• Data under study:
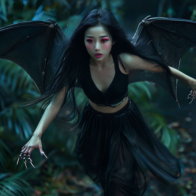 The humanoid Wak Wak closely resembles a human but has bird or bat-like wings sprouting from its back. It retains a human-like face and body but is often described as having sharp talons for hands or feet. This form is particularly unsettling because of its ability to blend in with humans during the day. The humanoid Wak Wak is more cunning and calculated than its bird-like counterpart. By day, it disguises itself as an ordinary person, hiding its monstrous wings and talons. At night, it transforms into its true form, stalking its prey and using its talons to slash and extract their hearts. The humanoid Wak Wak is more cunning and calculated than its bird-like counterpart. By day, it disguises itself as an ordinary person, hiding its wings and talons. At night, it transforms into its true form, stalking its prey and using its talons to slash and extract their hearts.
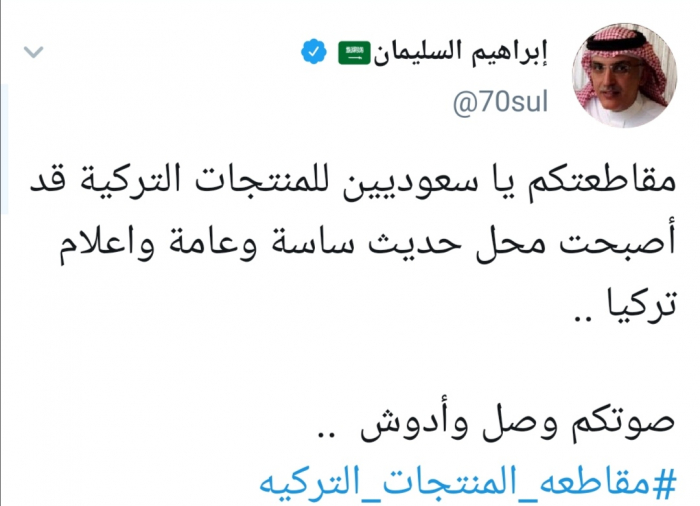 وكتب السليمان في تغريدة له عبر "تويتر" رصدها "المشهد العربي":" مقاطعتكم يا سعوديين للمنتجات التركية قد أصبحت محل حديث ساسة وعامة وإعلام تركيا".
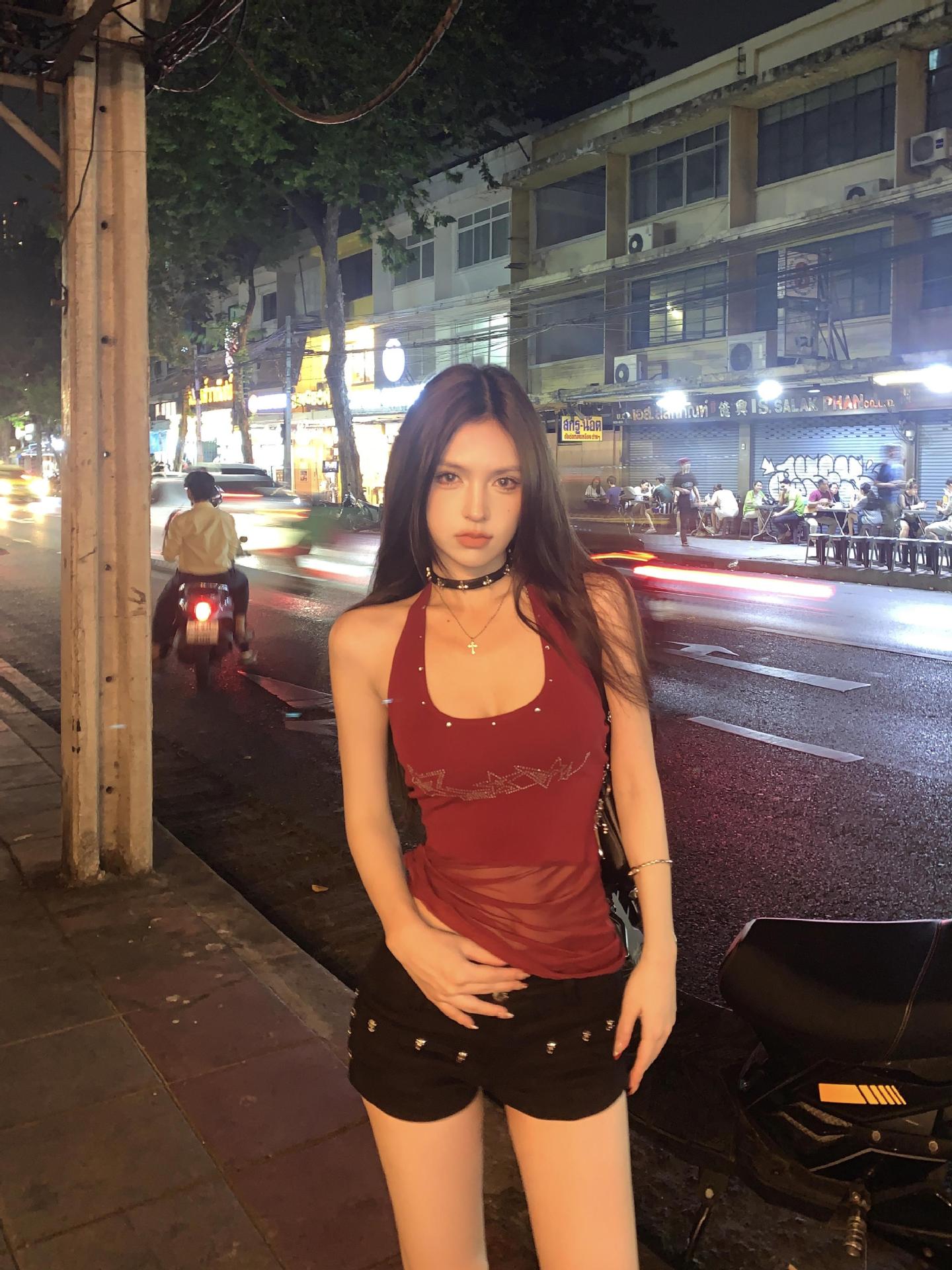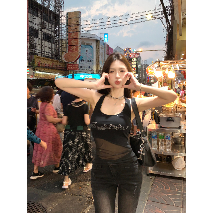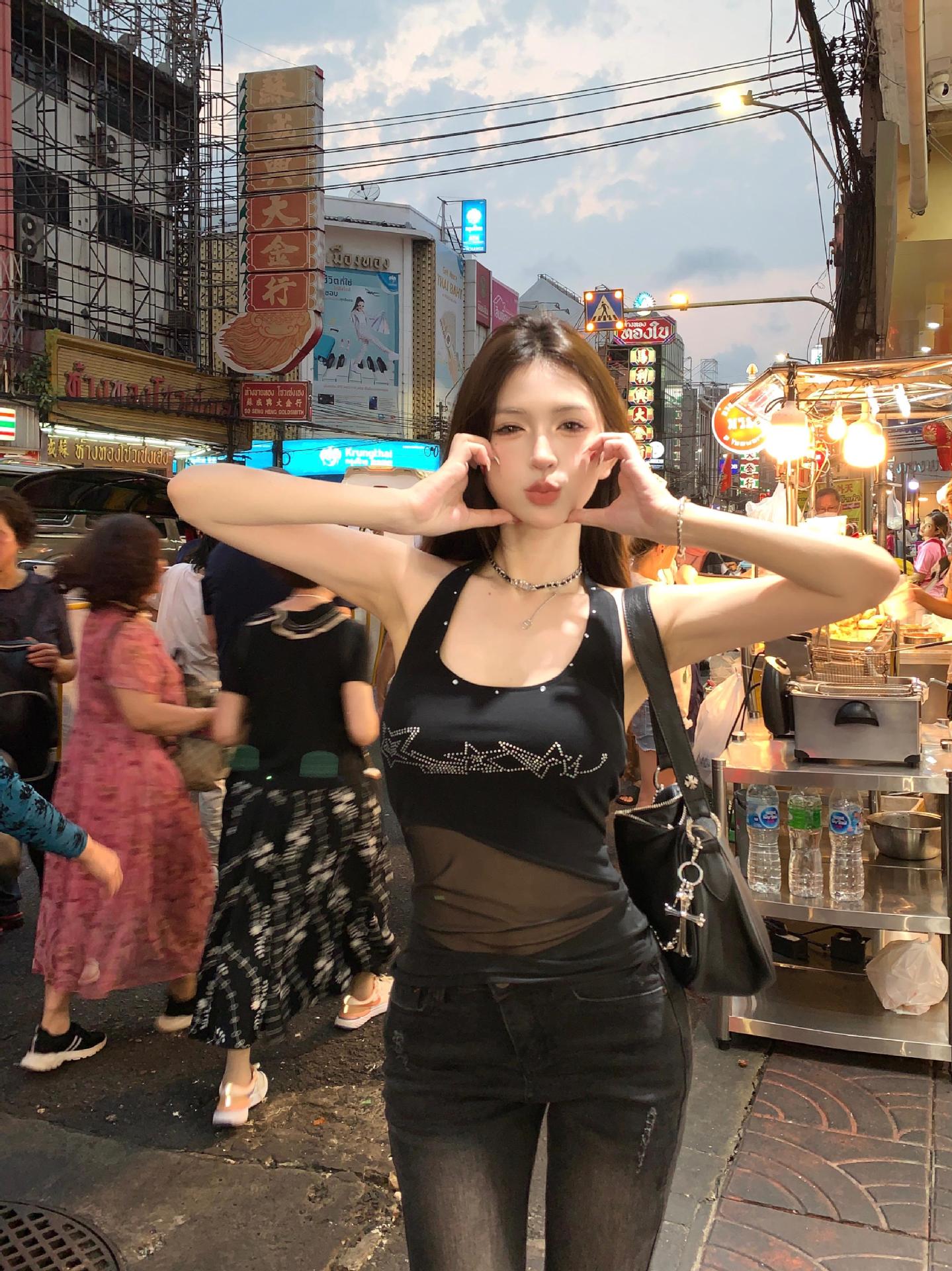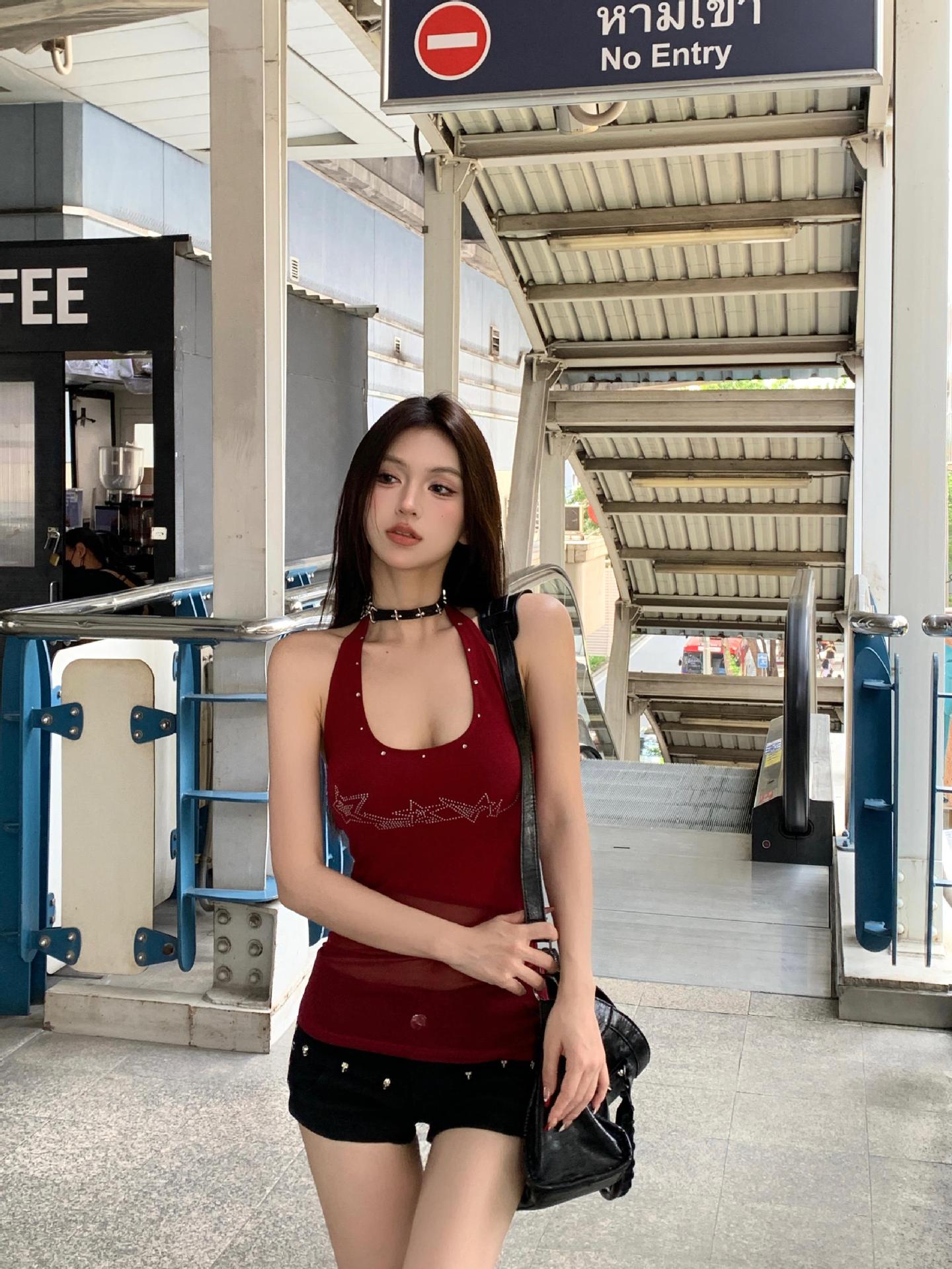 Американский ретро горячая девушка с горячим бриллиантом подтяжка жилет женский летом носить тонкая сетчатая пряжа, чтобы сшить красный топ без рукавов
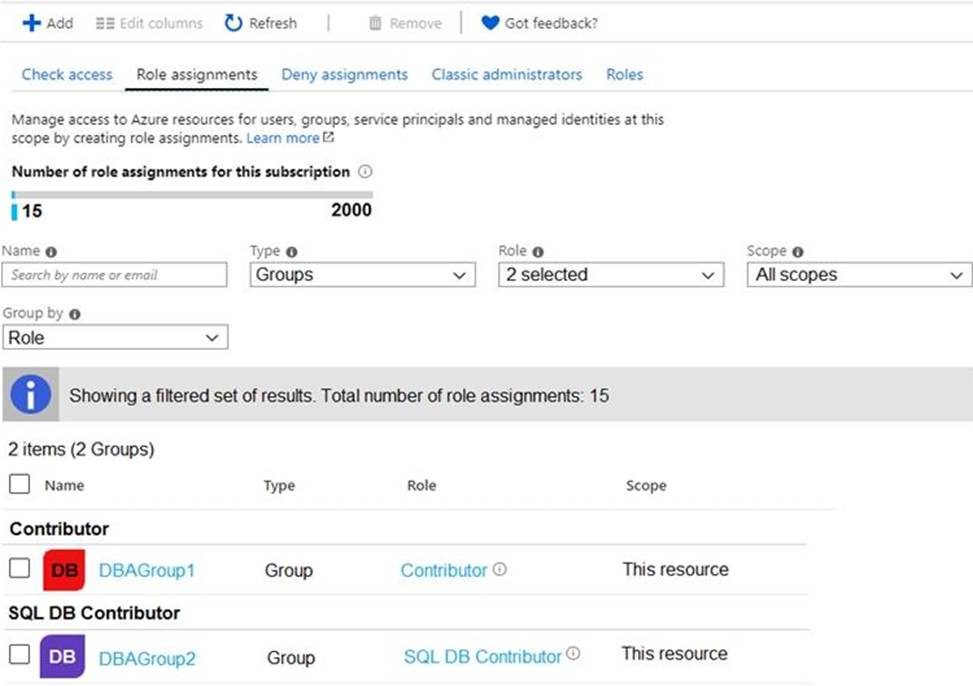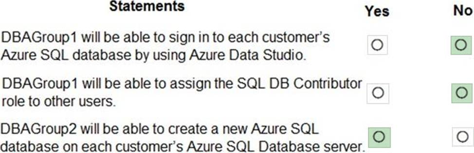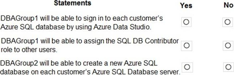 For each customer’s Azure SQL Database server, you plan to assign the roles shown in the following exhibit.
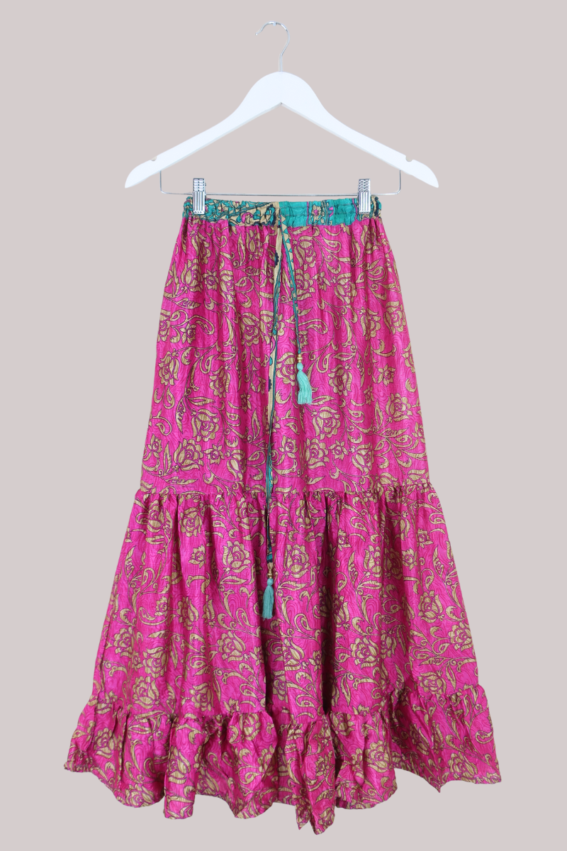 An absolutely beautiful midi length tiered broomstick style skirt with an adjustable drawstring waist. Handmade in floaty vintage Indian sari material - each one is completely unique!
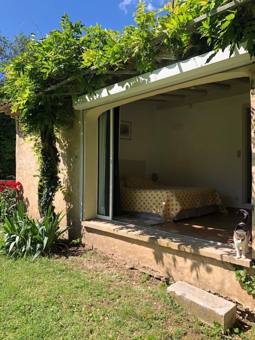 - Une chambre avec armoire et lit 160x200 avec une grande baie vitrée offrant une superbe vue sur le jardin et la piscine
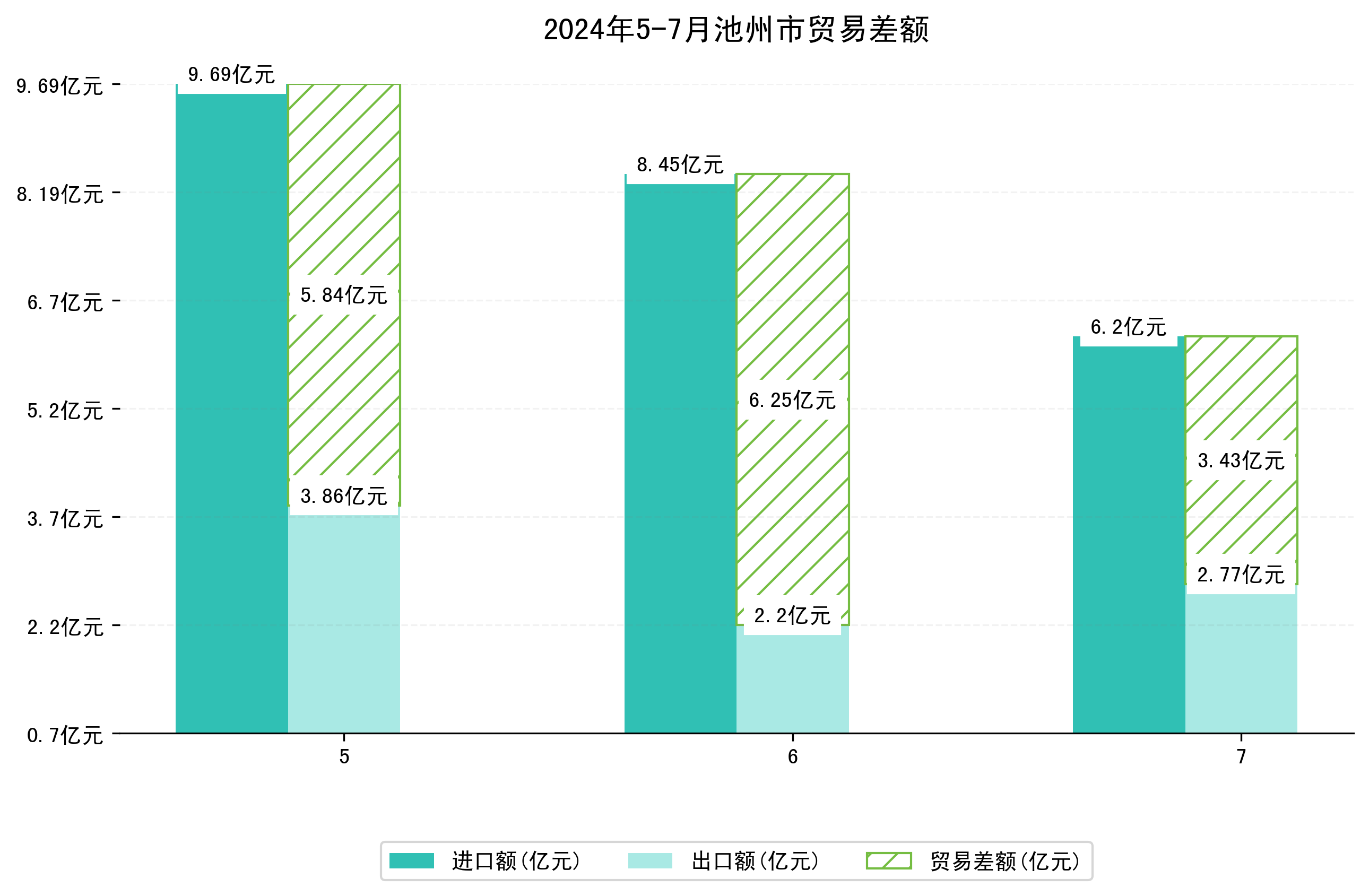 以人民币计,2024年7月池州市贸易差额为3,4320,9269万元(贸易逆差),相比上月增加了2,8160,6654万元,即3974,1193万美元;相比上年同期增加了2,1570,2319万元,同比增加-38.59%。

• What is being asked: Copy exactly the lines that run from the line containing "Американский ретро горячая" to the end of the data, keeping both end lines and dropping every picture.

• Reply to the task:
 Американский ретро горячая девушка с горячим бриллиантом подтяжка жилет женский летом носить тонкая сетчатая пряжа, чтобы сшить красный топ без рукавов
 For each customer’s Azure SQL Database server, you plan to assign the roles shown in the following exhibit.
 An absolutely beautiful midi length tiered broomstick style skirt with an adjustable drawstring waist. Handmade in floaty vintage Indian sari material - each one is completely unique!
 - Une chambre avec armoire et lit 160x200 avec une grande baie vitrée offrant une superbe vue sur le jardin et la piscine
 以人民币计,2024年7月池州市贸易差额为3,4320,9269万元(贸易逆差),相比上月增加了2,8160,6654万元,即3974,1193万美元;相比上年同期增加了2,1570,2319万元,同比增加-38.59%。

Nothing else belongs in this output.